Abeler moved that H. F. No. 3396 be recalled from the Committee on Health Care and Human Services Policy and Oversight and be re-referred to the Committee on Commerce and Labor. The motion prevailed.

 

Swails moved that H. F. No. 3506 be recalled from the Committee on Civil Justice and be re-referred to the Committee on Finance.
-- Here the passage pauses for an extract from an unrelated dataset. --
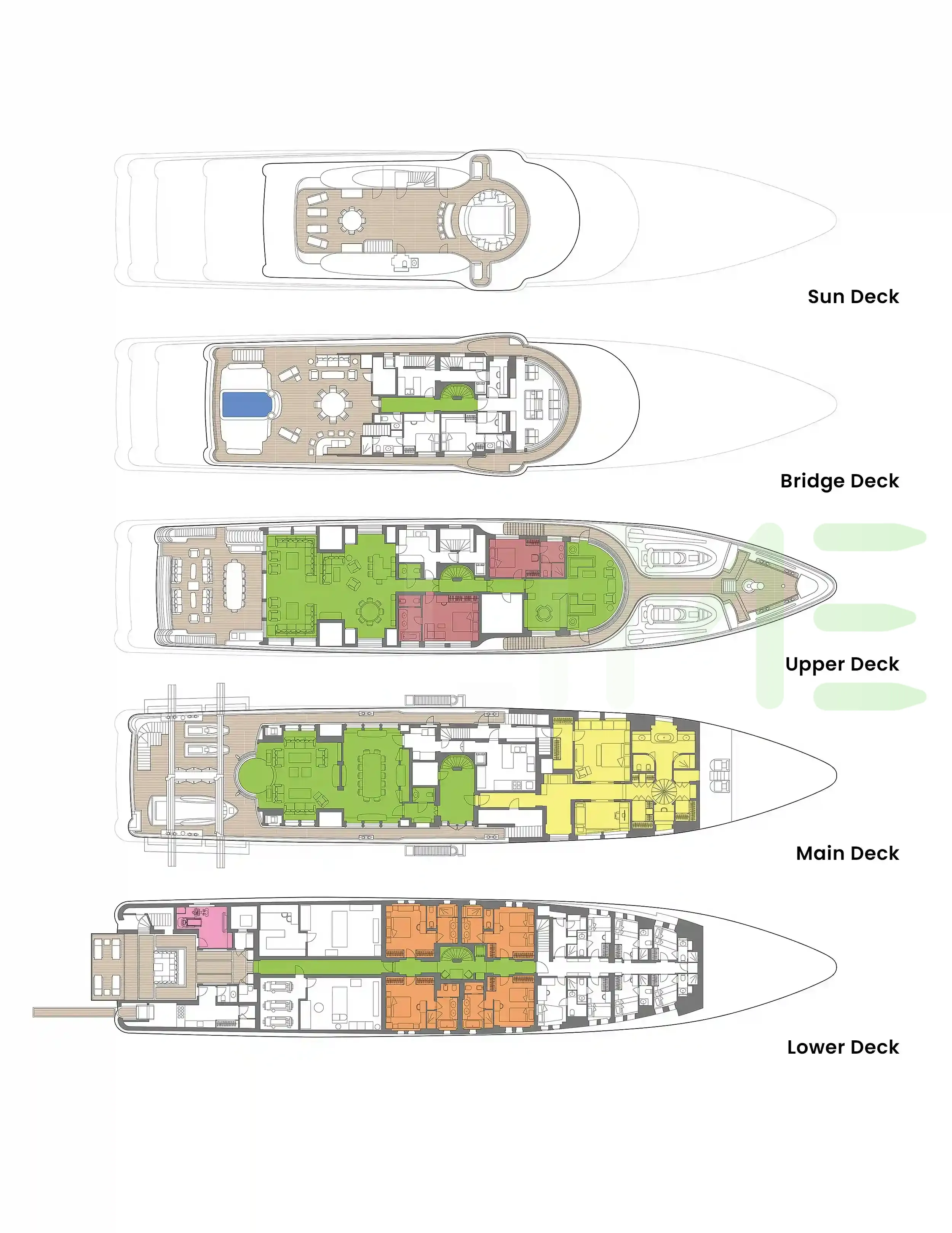 Request plans that include the layout of staterooms, guest areas, and outdoor spaces, as well as crew quarters and work areas.

The motion prevailed.

 

 

Urdahl, Pelowski, Kelly and Koenen introduced:

 

House Concurrent Resolution No. 4, A House concurrent resolution expressing regret for conflicts between Native Americans and European settlers.

 

The house concurrent resolution was referred to the Committee on State and Local Government Operations Reform, Technology and Elections.

 

 

ADJOURNMENT

 

Sertich moved that when the House adjourns today it adjourn until 10:30 a.m., Thursday, March 18, 2010. The motion prevailed.

 

Sertich moved that the House adjourn. The motion prevailed, and the Speaker declared the House stands adjourned until 10:30 a.m., Thursday, March 18, 2010.